С трепетным любопытством, даже с тревогой, ждали мы своего нового наставника. Каков-то он будет? Из каких мест? Злой? Добрый? Вот вопросы, овладевшие нашим юным воображением.
Однажды к нам в класс вошел незнакомый господин с большой головой на короткой шее, плотный, коренастый, с сухим испитым лицом, курносый, в богатой русской шубе с большим бобровым воротником.
Он поклонился нам, бледный от волнения.
Это был наш новый учитель Партений (Белчев) из Трояна.
Холодный, нелюдимый, диковатый, как настоящий русский семинарист (он кончил киевскую семинарию), учитель Партений не произвел на нас внушительного впечатления. Он показался нам несимпатичным, сухим и духовно нам чуждым, как будто вместе с ним к нам в школу ворвалась струя русского мороза.

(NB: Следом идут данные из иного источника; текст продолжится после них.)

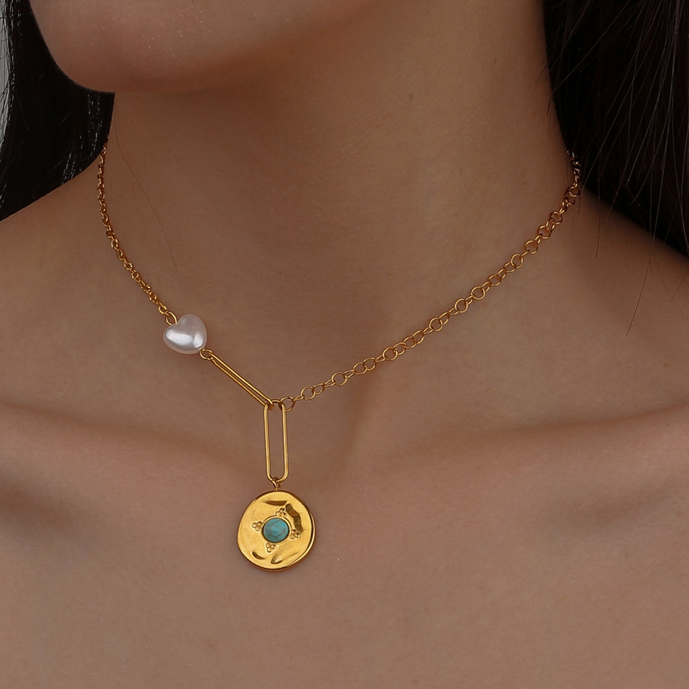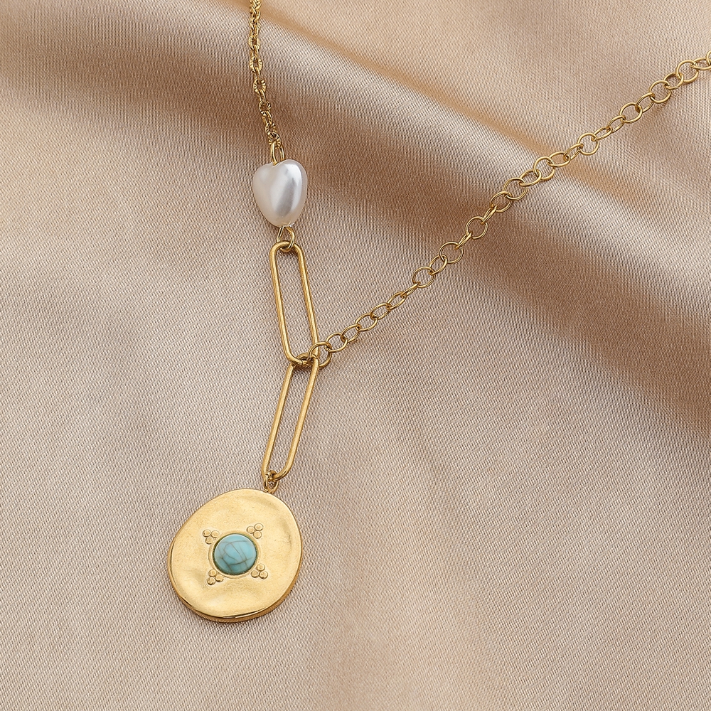 Fashion Simple Pendant Titanium Steel Pearl Necklace Clavicle Chain
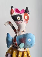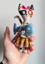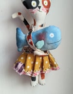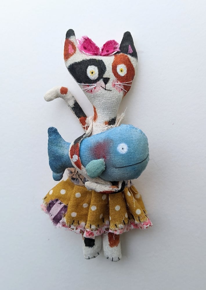 Kitty is made from textile painted in calico colours (acrylic paint). She wears a nice outfit with a pretty yellow polka dot skirt and a pink bow on top of her head.

Сидя на кафедре в своей огромной русской шубе, с торжественно-чопорным видом немецкого профессора теологии, он глухим, дребезжащим голосом быстро читал нам урок по своим русским учебникам: сначала одну фразу по-русски, потом ее же в переводе на болгарский, — все это каким-то безжизненным, скучным тоном. Глядя на него, мы жалели о нашем учителе Юрдане, вспоминая, как он расхаживал взад и вперед по классу в своем зеленом тулупчике, объясняя нам урок живо, понятно, увлекательно, так что невольно все мы внимательно слушали.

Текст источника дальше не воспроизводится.